[Extracted records]
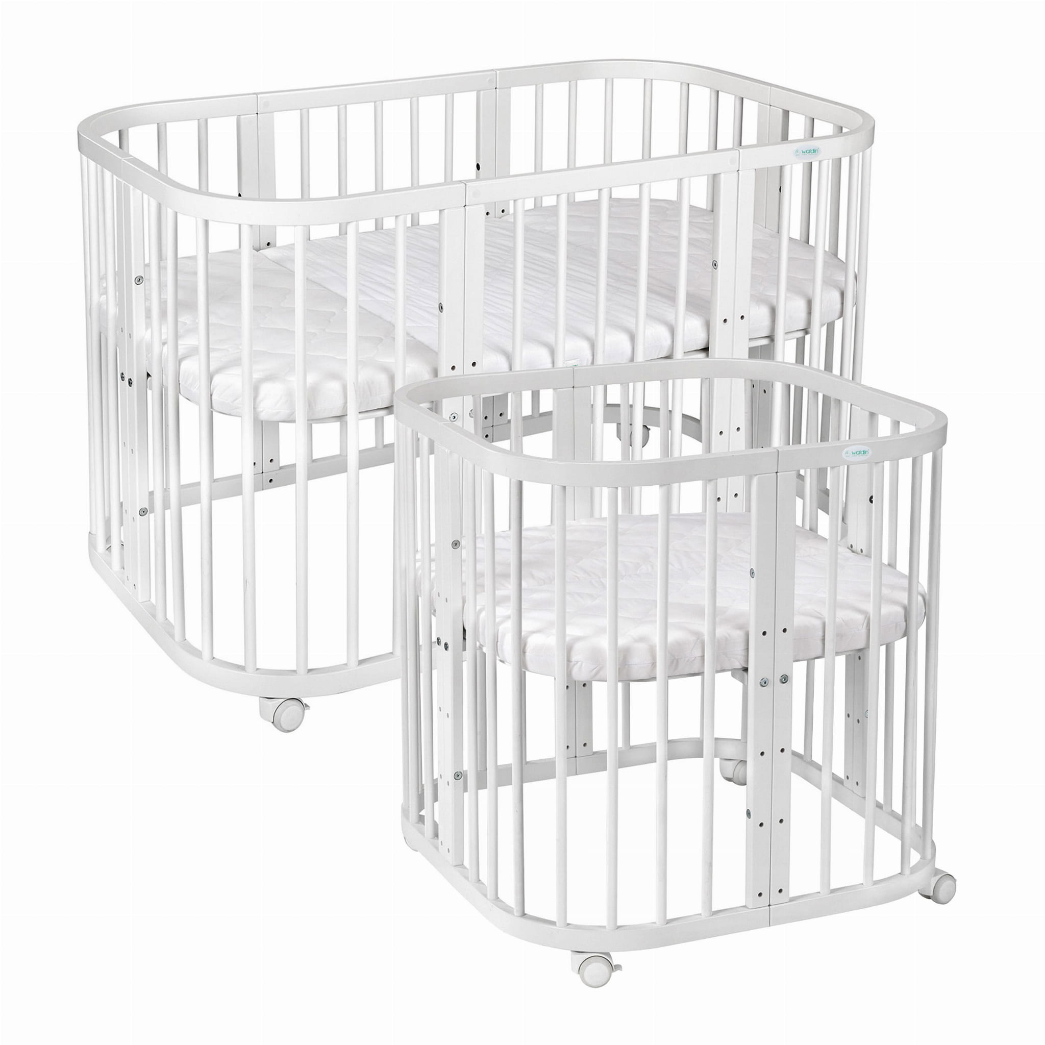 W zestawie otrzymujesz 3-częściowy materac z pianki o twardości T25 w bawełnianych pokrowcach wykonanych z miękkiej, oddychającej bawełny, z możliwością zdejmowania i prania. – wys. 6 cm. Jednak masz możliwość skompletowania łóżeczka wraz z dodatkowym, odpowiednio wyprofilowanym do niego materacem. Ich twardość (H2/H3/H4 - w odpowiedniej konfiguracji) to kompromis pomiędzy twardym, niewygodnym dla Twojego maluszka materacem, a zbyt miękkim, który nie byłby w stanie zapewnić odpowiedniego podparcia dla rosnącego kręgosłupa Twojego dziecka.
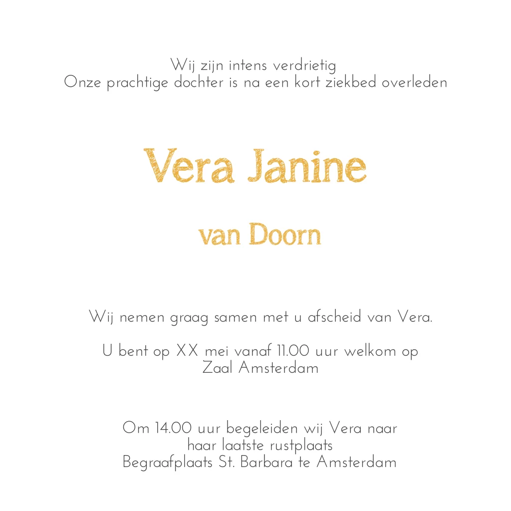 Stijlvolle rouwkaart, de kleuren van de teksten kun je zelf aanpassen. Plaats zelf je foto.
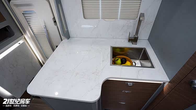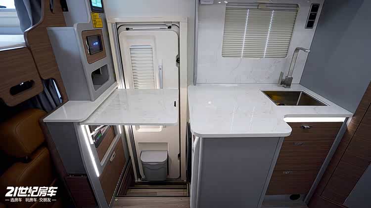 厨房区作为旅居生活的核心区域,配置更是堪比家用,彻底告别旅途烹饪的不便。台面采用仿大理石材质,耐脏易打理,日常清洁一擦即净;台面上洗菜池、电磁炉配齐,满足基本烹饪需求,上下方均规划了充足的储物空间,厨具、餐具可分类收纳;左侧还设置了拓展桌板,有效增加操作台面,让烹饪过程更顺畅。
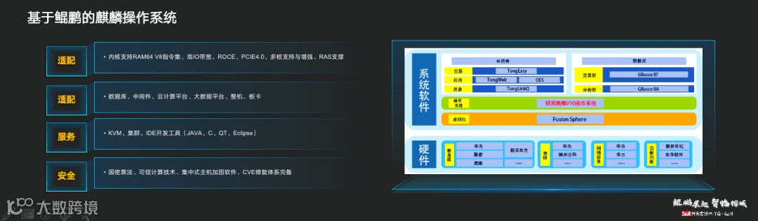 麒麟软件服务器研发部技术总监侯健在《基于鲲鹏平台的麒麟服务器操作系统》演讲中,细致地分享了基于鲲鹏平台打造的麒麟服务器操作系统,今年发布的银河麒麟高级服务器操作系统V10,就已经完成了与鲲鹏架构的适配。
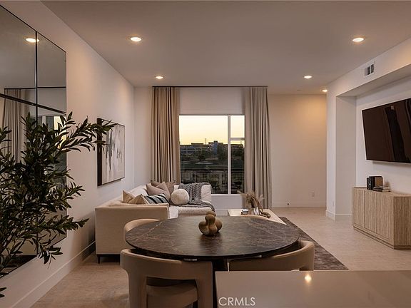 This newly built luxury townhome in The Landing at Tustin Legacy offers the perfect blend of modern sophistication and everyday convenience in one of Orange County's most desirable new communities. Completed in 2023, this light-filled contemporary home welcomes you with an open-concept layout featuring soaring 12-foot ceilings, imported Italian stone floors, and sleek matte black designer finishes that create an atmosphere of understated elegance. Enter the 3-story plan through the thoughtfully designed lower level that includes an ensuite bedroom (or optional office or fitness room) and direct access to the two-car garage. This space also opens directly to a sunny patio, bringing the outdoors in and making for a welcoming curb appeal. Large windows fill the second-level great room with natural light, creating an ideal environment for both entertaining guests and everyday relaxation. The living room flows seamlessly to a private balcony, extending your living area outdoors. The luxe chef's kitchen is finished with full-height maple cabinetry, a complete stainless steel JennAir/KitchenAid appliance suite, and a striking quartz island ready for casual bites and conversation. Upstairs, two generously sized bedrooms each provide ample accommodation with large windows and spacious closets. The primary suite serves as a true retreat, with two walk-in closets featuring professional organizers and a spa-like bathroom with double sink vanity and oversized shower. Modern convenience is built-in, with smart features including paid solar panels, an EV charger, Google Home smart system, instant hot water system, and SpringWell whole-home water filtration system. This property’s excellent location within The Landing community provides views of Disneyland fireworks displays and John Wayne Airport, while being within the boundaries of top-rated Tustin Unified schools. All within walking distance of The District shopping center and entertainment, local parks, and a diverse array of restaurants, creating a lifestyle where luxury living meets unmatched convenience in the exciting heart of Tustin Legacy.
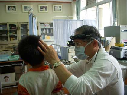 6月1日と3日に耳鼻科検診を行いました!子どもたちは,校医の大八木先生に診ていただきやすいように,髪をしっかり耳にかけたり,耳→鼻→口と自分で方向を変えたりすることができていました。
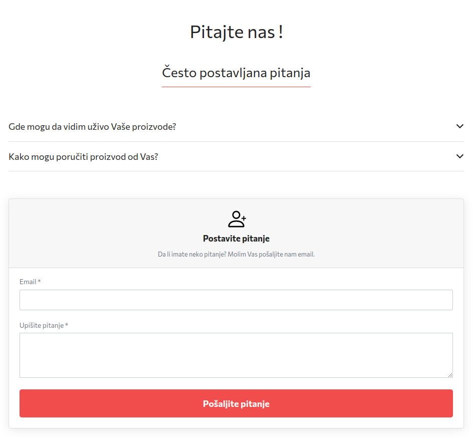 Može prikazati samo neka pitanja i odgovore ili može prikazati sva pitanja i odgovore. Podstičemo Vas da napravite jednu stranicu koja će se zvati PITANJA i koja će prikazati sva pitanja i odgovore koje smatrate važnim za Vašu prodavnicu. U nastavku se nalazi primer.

- [Requirement]: With the pictures omitted, restate word for word the lines above from the line that has "厨房区作为旅居生活的核心区域" up to and including the line that has "麒麟软件服务器研发部技术总监", and no other lines.

- [Response]:
 厨房区作为旅居生活的核心区域,配置更是堪比家用,彻底告别旅途烹饪的不便。台面采用仿大理石材质,耐脏易打理,日常清洁一擦即净;台面上洗菜池、电磁炉配齐,满足基本烹饪需求,上下方均规划了充足的储物空间,厨具、餐具可分类收纳;左侧还设置了拓展桌板,有效增加操作台面,让烹饪过程更顺畅。
 麒麟软件服务器研发部技术总监侯健在《基于鲲鹏平台的麒麟服务器操作系统》演讲中,细致地分享了基于鲲鹏平台打造的麒麟服务器操作系统,今年发布的银河麒麟高级服务器操作系统V10,就已经完成了与鲲鹏架构的适配。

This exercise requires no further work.